Der Grünen-Abgeordnete Hans-Christian Ströbele nannte den Brief ein „Drohschreiben“. Den Mitgliedern des Ausschusses werde Geheimnisverrat vorgeworfen. „Ich bin darüber sehr empört.“ Die Obleute von Union und SPD, Roderich Kiesewetter und Christian Flisek, sagten, sie fühlten sich durch das Schreiben nicht angesprochen. Die Vorsitzende der Linkspartei, Katja Kipping, griff Altmaier unterdessen scharf an. „Das Kanzleramt sabotiert die Aufklärung, und das inzwischen ganz offen“, erklärte sie der Berliner Zeitung. „Die amerikanischen Spitzelchefs werden hofiert, die Aufklärer bedroht.“ Es sei offensichtlich, dass hier die Rolle der deutschen Geheimdienste als Helfershelfer der NSA vertuscht werden solle. Kipping fügte hinzu: „Den Aufklärern mit Gefängnis zu drohen, ist ein Beleg für das obrigkeitsstaatliche Denken, das nach neun Jahren Angela Merkel im Kanzleramt regiert.“ Für diese „Unsäglichkeit“ müsse sich die Regierungschefin persönlich beim Parlament entschuldigen.
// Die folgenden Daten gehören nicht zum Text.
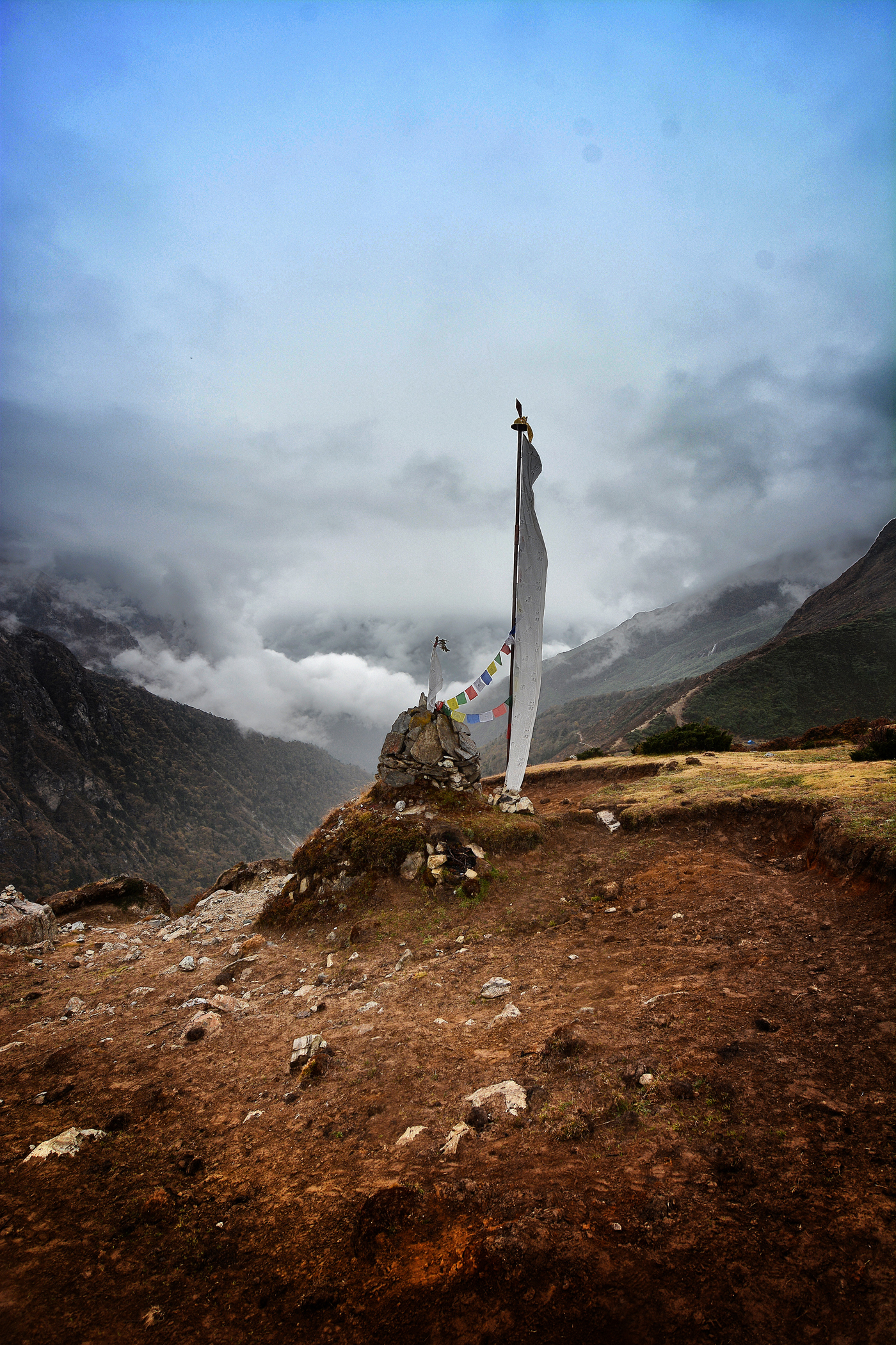 Auf unserem ziemlich toughen Hike nach Gokyo (4790 M.ü.M) wurden wir aber auf der vorletzten Etappe gestoppt. Wegen unerwartet starken Schneefällen und niederdonnernden Lawinen wurde der Trail nach Gokyo gesperrt. Zwei Tage lang sassen wir in Machermo (4500 M.ü.M.) fest. Beim Besuch des dortigen “Rescue Centers” (eine Initiative einer britischen NGO) haben wir einen Sherpa angetroffen, der Stunden zuvor von einer Lawine erfasst und von Notärzten vor Ort gerettet wurde. Dieselbe Lawine hatte mehrere Träger-Yaks in den Tod gerissen. Die Begegnung mit dem Sherpa, meine undichte Mammut-Jacke und die in meinem Kopf nachhallenden, zur Vorsicht mahnenden Worte meines Vaters haben mich dann endgültig zur Einsicht gebracht, dass Gokyo diesmal unerreicht bleiben muss…
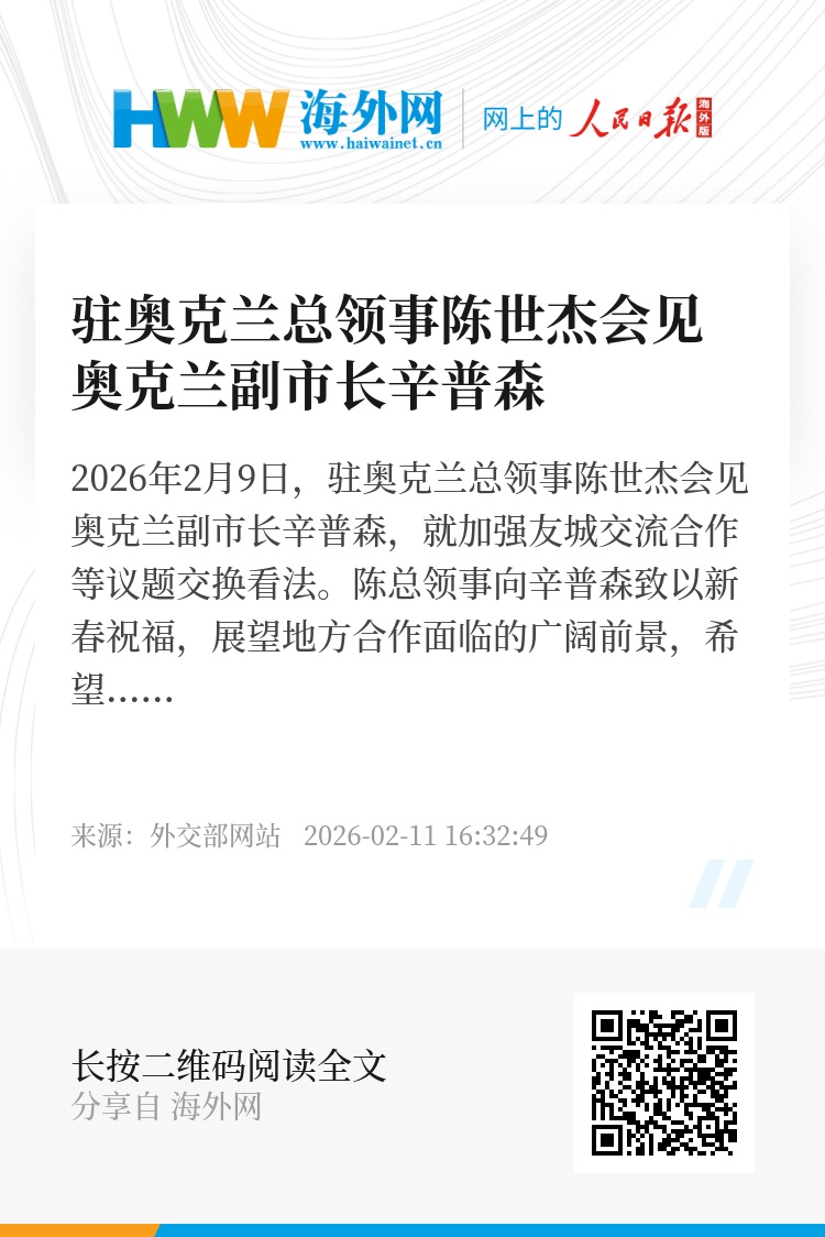 2026年2月9日,驻奥克兰总领事陈世杰会见奥克兰副市长辛普森,就加强友城交流合作等议题交换看法。

Es wurde schonmal mit Drohungen gearbeitet

Die Zuspitzung hatte sich zuvor schon angedeutet. Zunächst monierte der Ausschuss, dass viele Akten geschwärzt seien. Später hieß es, Ausschuss-Chef Sensburg wolle prüfen, ob sich SPD-Obmann Flisek womöglich eines Fehlverhaltens schuldig gemacht habe. Flisek soll in einem Pressegespräch öffentlich über die Eikonal-Akten gesprochen haben. Aus ihnen geht hervor, dass der Bundesnachrichtendienst umfangreich Daten vom Frankfurter Internetknotenpunkt DE-CIX abgefischt und an den US-Geheimdienst NSA weitergeleitet habe. Der Beschuldigte wies die Anschuldigung zurück. Wenn er das, was ihm vorgeworfen werde, nicht mehr tun könne, dann stelle sich ganz schnell die Frage nach der Sinnhaftigkeit des Untersuchungsausschuss, sagte der Jurist. Er habe sich nichts vorzuwerfen und werde sein Verhalten nicht ändern.

Aus SPD-Kreisen verlautet, Sensburg habe durch seine Verdächtigungen nicht unerheblichen Schaden angerichtet. Nach der Altmaier-Intervention liegt nun der Verdacht nahe, dass bereits in diesem Fall das Kanzleramt dahinter steckte. Im Parlamentarischen Kontrollgremium war zuletzt im Kontext von Presseberichten ebenfalls mit Drohungen gearbeitet worden. Auch da ging es um den NSA-Skandal.